Was war der Auslöser für den Vorfall?
- mutmaßlicher Sabotageakt mit möglicher Spionagebeteiligung
- hochexplosive Präparierung der Drohne mit Semtex und PETN
- technischer Defekt am Zünder, wodurch eine Detonation verhindert wurde
- gezielte Umgehung der Abwehrsysteme des Flughafens
- Verfügbarkeit vertraulicher Details über die Leipziger Sicherheitsarchitektur bei den Tätern
Wie hat die Öffentlichkeit oder Politik reagiert?

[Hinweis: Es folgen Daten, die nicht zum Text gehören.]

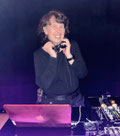 (Foto privat; Bildbeschreibung: vor einer schwarzen Wand steht lächelnd DJ Luise Bass mit einem Kopfhörer. Vor ihr ein aufgeklappter Laptop und daneben ist ein Mischpult zur Hälfte zu erkennen. Sie trägt schwarze Kleidung.)
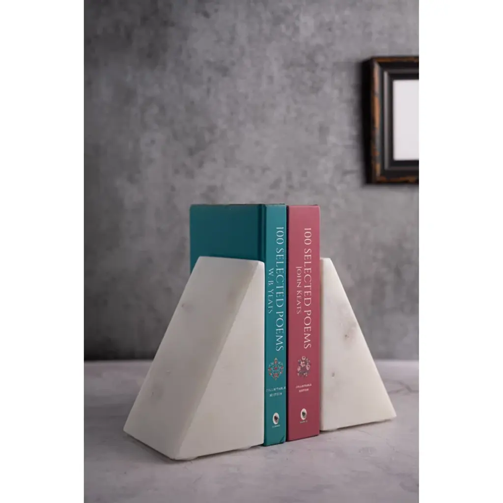 Story structure. This set of bookends is crafted from marble, so these bookends are substantial enough to hold a heavy reading in place. Together this set form a triangular shape that lends a satisfying arc to your shelves, and these bookends' cloudy gray veining adds dimension and organic detail.
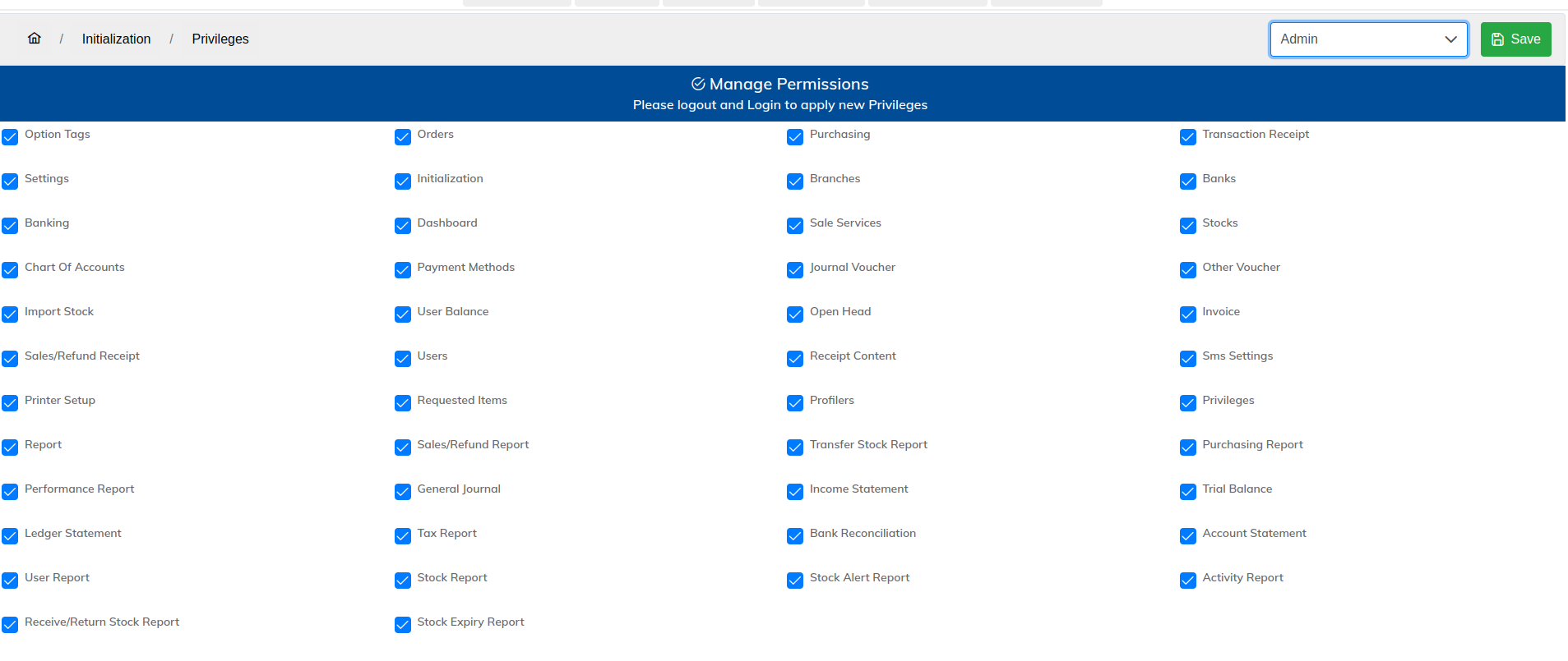 As you can see in the above image admin has all the options access which currently in system exists.You can check and uncheck this options and save the roles.

- Sicherheitsbehörden prüfen Ermittlungen wegen mutmaßlichen Sabotageakts unter möglicher Spionagebeteiligung
- Bundesinnenminister Alexander Dobrindt plant Ende August eine internationale Krisenkonferenz von EU-Innenministern in Flensburg
- Dobrindt lädt osteuropäische EU-Staaten und Ostsee-Anrainerstaaten zu einem Sondergipfel in die Marineschule Mürwik ein
- Ziel ist die Koordinierung einer gemeinsamen Verteidigungsstrategie gegen unbemannte Flugsysteme sowie die Stärkung des Schutzes kritischer Infrastruktur
- Berichtet wird zudem über den Verdacht, dass den Tätern vertrauliche Details zur Leipziger Sicherheitsarchitektur vorlagen und Hinweise auf mögliche Spionage bestehen
Welche Konsequenzen werden genannt?
- Ermittlungen wegen eines mutmaßlichen Sabotageakts unter möglicher Spionagebeteiligung
- Anpassung der Sicherheitslage durch internationale Abstimmung der EU-Innenminister
- Anberaumung einer internationalen Krisenkonferenz von EU-Innenministern in Flensburg Ende August
- Verdacht auf mögliche Spionage aufgrund fehlender Erfassung durch die Sensorik des Flughafens und vermuteter Vertraulichkeit der Sicherheitsarchitektur
- Einladung zu einem Sondergipfel in Schleswig-Holstein Ende August
- Koordinierung einer gemeinsamen Verteidigungsstrategie gegen unbemannte Flugsysteme
- Stärkung des Schutzes kritischer Infrastruktur durch gemeinsame Maßnahmen und Abstimmung zwischen beteiligten Staaten
Gibt es bereits eine Stellungnahme?
Ja. Alexander Dobrindt (CSU) wird als Reaktion auf die veränderte Sicherheitslage genannt (u. a. Anberaumung einer Krisenkonferenz von EU-Innenministern).